Said Analog science article was written by Your Humble Blogger, a followup to attending last year's Asteroid Deflection Research Symposium. Writing SF is one of the cooler jobs in the world.

So there you have it ... much to think about.

4 comments:

Catreona said...

November!!! I haven't even gotten September yet! Time travel is clearly possible, and happening in our very midst.

I agree with Stan's conclusion as you summerize it. I often think, in fact, of how many impossible things we take for granted today that weren't even drempt of by SF writers when I was a kid: Cable television, cell phones, CD's to name but three. The very same people who dismiss SF and Fantasy as useless and worthless accept their microwave ovens and remote car lock thingies without a second, or first, thought. Where do they think these wonder toys came from? At the same time, the concept of mundane SF sort of blows my mind. If you're going to ban anything we don't have right now, you might as well simply write mainstream fiction. But then, I've always liked a touch of Fantasy and romance* in my SF.

*Romance. By this I do not necessarily mean kissy lovie stuff, though that's good too. I mean romance as in the romance of space. "The Green Hills of Earth" comes to mind as an example. No boy meets girl etc. in this story, but lots of romance. I hope you understand what I mean...

BTW congrats on the fact article. I'll look forward to reading it. Hmmm... Your fact article on RFID's led to a story in Analog and I think another published elsewhere. Might the rock smash article lead to a story?

Edward M. Lerner said...

Hi Catreona,

Broadly speaking, you're correct about a connection between my fact articles and my fiction. The cause-and-effect relationships are more complicated than you suggest.

The RFID article grew out of a story, not the other way around. "The Day of the RFIDs" appeared in 2005, in the antho Future Washington. But Stan discussed the story's premise in a 2006 editorial, which generated lots of reader letters -- and that discussion led to the Analog fact article that ran in 2007. (Admittedly, I later wrote "The Night of the RFIDs," which appeared in Analog in 2008.)

My 2008 Analog fact article, about nanotech, leveraged research I was doing for a book. I'll blog about Small Miracles, which deals with medical nanotech, closer to the book's release (not a long wait -- the book comes out in October).

And this year's asteroid article? That began in an asteroid-deflection conference I attended as a member of SIGMA (a group of SF authors consulting pro bono to the government), but elements of what I learned may make it into a book whose research is just beginning.

- Ed

AReichl said...

I like "mundane SF". The first Science-Fiction story i ever read was about strange signals from Jupiter and an expedition to explore them (no - it was not "2001"). Flying around in our Solar System is the minimum i would expect from SF. Being confined only to earth would be - hmm - boring. Thats like practicing yoga - trying to look into yourself, finding nothing and finally getting crazy (if you weren't from the beginning).

The other extreme are the stories from Stephen Baxter - he has reached the limits of technology, space and time.

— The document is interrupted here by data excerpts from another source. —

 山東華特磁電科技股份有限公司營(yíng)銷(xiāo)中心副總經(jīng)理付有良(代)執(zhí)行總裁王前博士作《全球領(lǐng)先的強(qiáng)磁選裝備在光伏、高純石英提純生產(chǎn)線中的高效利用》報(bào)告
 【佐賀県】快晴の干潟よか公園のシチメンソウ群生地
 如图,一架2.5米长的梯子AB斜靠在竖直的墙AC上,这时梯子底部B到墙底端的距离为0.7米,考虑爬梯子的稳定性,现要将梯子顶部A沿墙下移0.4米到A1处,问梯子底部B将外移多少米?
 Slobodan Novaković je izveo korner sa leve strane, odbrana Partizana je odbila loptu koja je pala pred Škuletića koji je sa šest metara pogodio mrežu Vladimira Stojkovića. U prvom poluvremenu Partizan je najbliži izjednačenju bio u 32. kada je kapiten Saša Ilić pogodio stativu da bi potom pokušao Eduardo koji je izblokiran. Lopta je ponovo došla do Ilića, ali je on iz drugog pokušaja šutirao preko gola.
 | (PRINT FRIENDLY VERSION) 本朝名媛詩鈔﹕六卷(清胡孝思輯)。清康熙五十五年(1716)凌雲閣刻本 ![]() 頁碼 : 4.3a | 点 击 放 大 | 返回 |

These stories are a nice read from time to time.

The "best" is something inbetween (like the Mote stories from Niven/Pournelle). Faster-than-light yes, but it still takes time to reach another star. Laser weapons yes, but they get hot. Superior medicine yes, but dead is still dead.

Edward M. Lerner said...

My reservation about mundane SF (especially the more restrictive versions) is its inherent pessimism: that there's nothing more we can learn.

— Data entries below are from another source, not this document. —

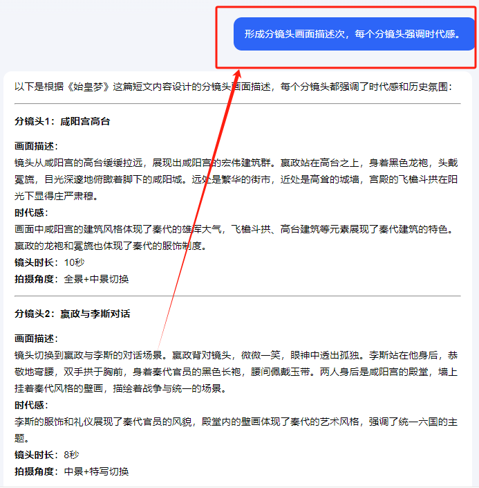 形成分镜头画面描述次,每个分镜头强调时代感。
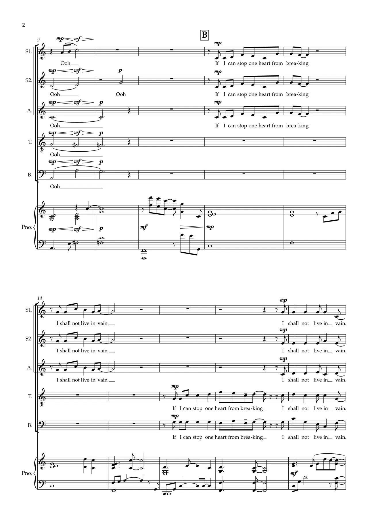 I Shall Not Live In Vain sets uplifting poetry by Emily Dickinson to create a light and peaceful work with a rich, warm texture. This piece was composed for the Gondwana Singers at their 2014 National Choral School. Composed for Gondwana Singers and premiered at the Gondwana National Choral School Concert, 2014.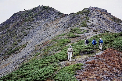| 仙丈ヶ岳山頂直下を登る | 仙丈ヶ岳山頂 | |

Can a story use perpetual motion and still be hard SF? my first reaction is no, because perpetual motion completely contradicts what physicists think they know.

What about FTL? I think FTL *can* be used in the hardest SF. Serious scientists look at variable light speed, extra dimensions beyond the four we experience, and multiverses. Why must SF restrict itself to an unproven orthodoxy that ignores possible routes to FTL?

And back to perpetual motion ... If a story taps those hidden dimensions or a parallel universe, what would otherwise be perpetual motion using only local resources might become doable.

In my mind it comes down to attitude and mindset. To me, hard SF involves embracing the possible (but not the fantastical).